Diese nennt man auch Stellvertreterklänge. Man kann jeden Dur-Dreiklang durch seinen Stellvertreter-Dreiklang ersetzen. Dur-Dreiklang und Moll-Stellvertreter, die so genannte Moll-Parallele, teilen sich ZWEI GLEICHE TÖNE. Es bilden sich folgende Paare:

I – VI       —> C-Dur / a-Moll
IV – II      —> F-Dur / d-Moll
V – III      —> G-Dur / e-Moll

Man kann also – je nach Melodieverlauf – auch die Dur-Dreiklänge durch ihre Stellvertreter ersetzen. Wichtig ist: Im ersten und letzten Takt eines Musikstücks in DUR ist der Stellvertreterklang in Moll mit Vorsicht zu genießen, da er das Tongeschlecht verschleiern kann! Besonders im letzten Takt sollte bei einem Musikstück in Dur möglichst auch die Tonika stehen. Es gibt aber Ausnahmen, z. B. wenn der Komponist bewusst verschleiern oder eine bestimmte Wirkung erzielen möchte, z. B. Aufmerksamkeit oder das Gefühl von “nicht abgeschlossen”.
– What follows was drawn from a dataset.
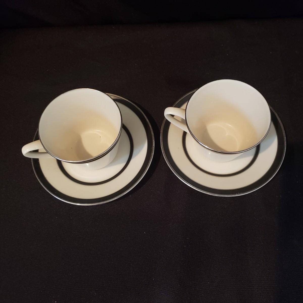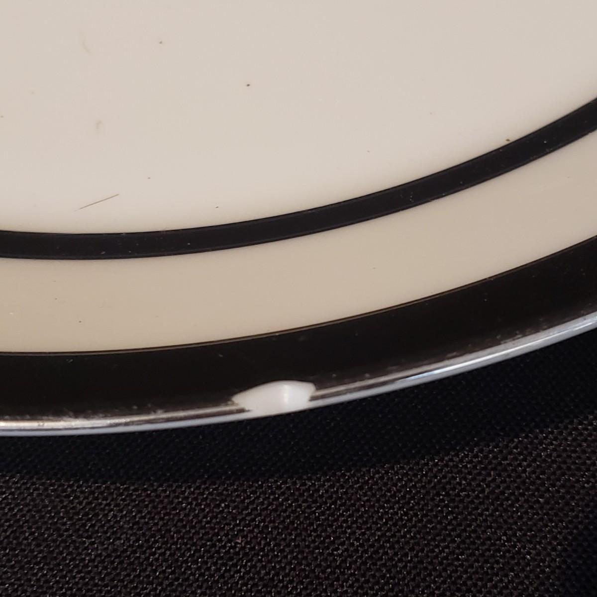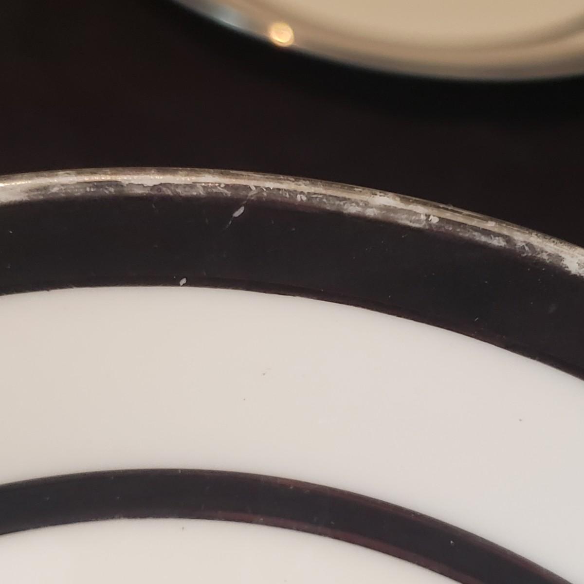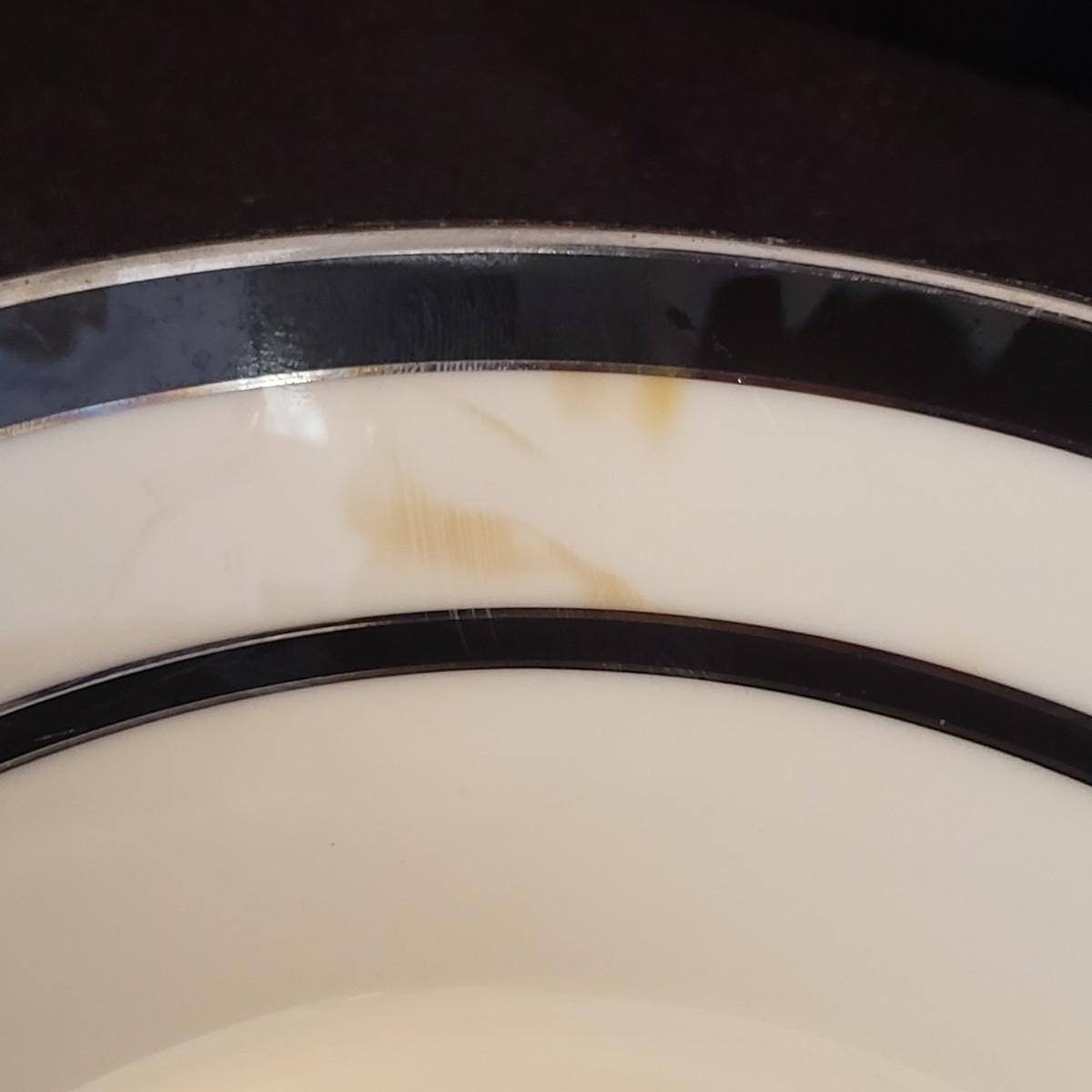 This lot features two different Lenox dishes. The black and silver rimmed set is from the Venture collection. The large platter measures 16"x 11". There is some wear on the outer silver band on some dishes. The dinner plates have some chipping, see pictures. The four mugs are from the Dimension Collection and appear blemish free.

Die VII. Stufe – ein Sonderfall

Und die VII?
Die wird in der klassischen Harmonielehre als Ersatz für die V benutzt und zwar aus folgendem Grund (am Beispiel G7 erklärt):

G-Dur mit kleiner Septime = g, h, d, f

H vermindert, also H° = h, d, f

Man findet also drei gleiche Töne. Die klassische Funktionstheorie betrachtet deshalb die VII. Stufe als V. Stufe mit ausgelassenem Grundton, genauer gesagt, um in der Terminologie der Funktionslehre zu bleiben, als Dominante ohne Grundton. Es sei an dieser Stelle die Anmerkung erlaubt, dass im Bereich der Popular-Musik Stufen- und Funktionstheorie vermischt angewendet werden, die in der klassischen Harmonielehre traditionellerweise getrennt werden. So würde der Funktionstheoretiker nicht von der I. Stufe, sondern von der Tonika reden und die zweite Stufe Subdominant-Parallele nennen. Die VI. Stufe wäre dementsprechend die Tonika-Parallele usw. Das hat den Vorteil, dass die oben beschriebene Funktion des Akkords innerhalb des Harmonie-Gerüsts klar wird. Das Stufenmodell hat hingegen den Vorteil, dass man schnell das Harmoniegerüst eines Songs losgelöst von einer Tonart übersichtlich aufschreiben und betrachten kann. Es hat sich deshalb in der Popular-Musik durchgesetzt. Trotzdem spricht man auch dort von Tonika, Subdominante, Dominante, Doppel-Dominante etc., wenn man die Funktion beschreiben will. Dies sei nur der Vollständigkeit halber erwähnt.

Fazit

Ich hoffe, dass ich Dir hier einen kleinen Einblick in die grundsätzliche Vorgehensweise bieten konnte. Als Einsteiger kommt man so schon sehr weit. Natürlich gibt es noch viel mehr Möglichkeiten, eine Melodie interessant zu harmonisieren. Da gibt es Doppel-Dominanten, Tritonus-Substitution, Alterationen uvm. Doch damit ist jeder Anfänger überfordert. Hier empfehle ich Dir die einschlägige Fachliteratur oder guten Musikunterricht. Du solltest jedoch so in der Lage sein, jedes Musikstück in Dur hinreichend zu harmonisieren. Wenn Du etwas üben möchtest, schreib doch mal eine Moll-Tonleiter auf (z. B. a-Moll natürlich —> besitzt die gleichen Töne wie C-Dur, nur von a bis a aufgeschrieben). Setzt jetzt mal die Dreiklänge darüber und schau Dir an, wie der Aufbau nun aussieht. Die I., IV, und V. Stufe sind wieder Deine Hauptdreiklänge, die restlichen Stufen die Stellvertreter. Schreib nun auch mal die beiden anderen Moll-Varianten auf (melodisch/harmonisch) und schau Dir an, was dann passiert. Beachte die V. Stufe. Wie verändert sich diese? Wenn Du das raus bekommst, bist Du auf einem sehr guten Wege und weißt, dass Du das, was ich hier so geschrieben habe, verstanden hast.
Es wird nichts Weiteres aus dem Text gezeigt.